• Assignment: Every line in the listing below from the one with "Der Pelletofen LIVO" through the one with "bergspariterna och vi" is to be reproduced exactly, both ends included; leave out the rest.

• Records to process:
◆ ◆ ◆ ◆ ◆

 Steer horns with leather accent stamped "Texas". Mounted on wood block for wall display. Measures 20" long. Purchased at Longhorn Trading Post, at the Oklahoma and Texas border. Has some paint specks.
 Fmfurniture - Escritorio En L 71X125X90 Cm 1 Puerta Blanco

◆ ◆ ◆ ◆ ◆

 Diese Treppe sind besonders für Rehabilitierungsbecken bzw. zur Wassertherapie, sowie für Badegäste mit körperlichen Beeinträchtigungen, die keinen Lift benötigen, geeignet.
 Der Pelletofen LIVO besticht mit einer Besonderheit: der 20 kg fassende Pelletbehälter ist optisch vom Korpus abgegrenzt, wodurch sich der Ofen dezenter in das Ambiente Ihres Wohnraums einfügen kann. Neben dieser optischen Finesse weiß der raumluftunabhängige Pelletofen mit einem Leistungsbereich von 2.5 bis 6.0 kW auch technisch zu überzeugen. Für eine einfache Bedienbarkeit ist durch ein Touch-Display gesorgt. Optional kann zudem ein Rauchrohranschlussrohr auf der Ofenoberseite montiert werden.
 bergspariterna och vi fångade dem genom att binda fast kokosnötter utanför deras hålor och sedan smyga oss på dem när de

◆ ◆ ◆ ◆ ◆

• Output:
 Der Pelletofen LIVO besticht mit einer Besonderheit: der 20 kg fassende Pelletbehälter ist optisch vom Korpus abgegrenzt, wodurch sich der Ofen dezenter in das Ambiente Ihres Wohnraums einfügen kann. Neben dieser optischen Finesse weiß der raumluftunabhängige Pelletofen mit einem Leistungsbereich von 2.5 bis 6.0 kW auch technisch zu überzeugen. Für eine einfache Bedienbarkeit ist durch ein Touch-Display gesorgt. Optional kann zudem ein Rauchrohranschlussrohr auf der Ofenoberseite montiert werden.
 bergspariterna och vi fångade dem genom att binda fast kokosnötter utanför deras hålor och sedan smyga oss på dem när de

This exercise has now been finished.